Compare Performance in Task Environments and Automatically Determine Task Max Camera Count#
Currently, tiled cameras are the most performant camera that can handle multiple dynamic objects.
For example, to see how your system could handle 100 tiled cameras in the cartpole environment, with 2 cameras per environment (so 50 environments total) only in RGB mode, run
./isaaclab.sh -p scripts/benchmarks/benchmark_cameras.py \
--task Isaac-Cartpole-v0 --num_tiled_cameras 100 \
--task_num_cameras_per_env 2 \
--tiled_camera_data_types rgb
If you have pynvml installed, (./isaaclab.sh -p -m pip install pynvml), you can also
find the maximum number of cameras that you could run in the specified environment up to
a certain performance threshold (specified by max CPU utilization percent, max RAM utilization percent,
max GPU compute percent, and max GPU memory percent). For example, to find the maximum number of cameras
you can run with cartpole, you could run:
./isaaclab.sh -p scripts/benchmarks/benchmark_cameras.py \
--task Isaac-Cartpole-v0 --num_tiled_cameras 100 \
--task_num_cameras_per_env 2 \
--tiled_camera_data_types rgb --autotune \
--autotune_max_percentage_util 100 80 50 50
Autotune may lead to the program crashing, which means that it tried to run too many cameras at once. However, the max percentage utilization parameter is meant to prevent this from happening.
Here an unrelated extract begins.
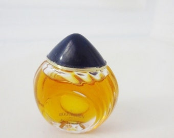 A small, round perfume bottle with a black cap and a yellow liquid inside. The bottle is placed on a white surface, and the cap is positioned at an angle, giving the impression that the bottle is leaning slightly to one side. | Boucheron Mini Bottle Eau de Parfum Splash Perfume | c62488b917ef103e931effc8287079249cfd8ab30aba1611744cbe0793280b4c | 000720936204 | 0 | 0 | 42 | 8 | 0 | 0 | |

The output of the benchmark doesn’t include the overhead of training the network, so consider decreasing the maximum utilization percentages to account for this overhead. The final output camera count is for all cameras, so to get the total number of environments, divide the output camera count by the number of cameras per environment.
Compare Camera Type and Performance (Without a Specified Task)#
This tool can also asses performance without a task environment. For example, to view 100 random objects with 2 standard cameras, one could run
./isaaclab.sh -p scripts/benchmarks/benchmark_cameras.py \
--height 100 --width 100 --num_standard_cameras 2 \
--standard_camera_data_types instance_segmentation_fast normals --num_objects 100 \
--experiment_length 100
If your system cannot handle this due to performance reasons, then the process will be killed.
It’s recommended to monitor CPU/RAM utilization and GPU utilization while running this script, to get
an idea of how many resources rendering the desired camera requires. In Ubuntu, you can use tools like htop and nvtop
to live monitor resources while running this script, and in Windows, you can use the Task Manager.
If your system has a hard time handling the desired cameras, you can try the following
Switch to headless mode (supply
--headless)Ensure you are using the GPU pipeline not CPU!
If you aren’t using Tiled Cameras, switch to Tiled Cameras
Decrease camera resolution
Decrease how many data_types there are for each camera.
Decrease the number of cameras
Decrease the number of objects in the scene
If your system is able to handle the amount of cameras, then the time statistics will be printed to the terminal. After the simulations stops it can be closed with CTRL+C.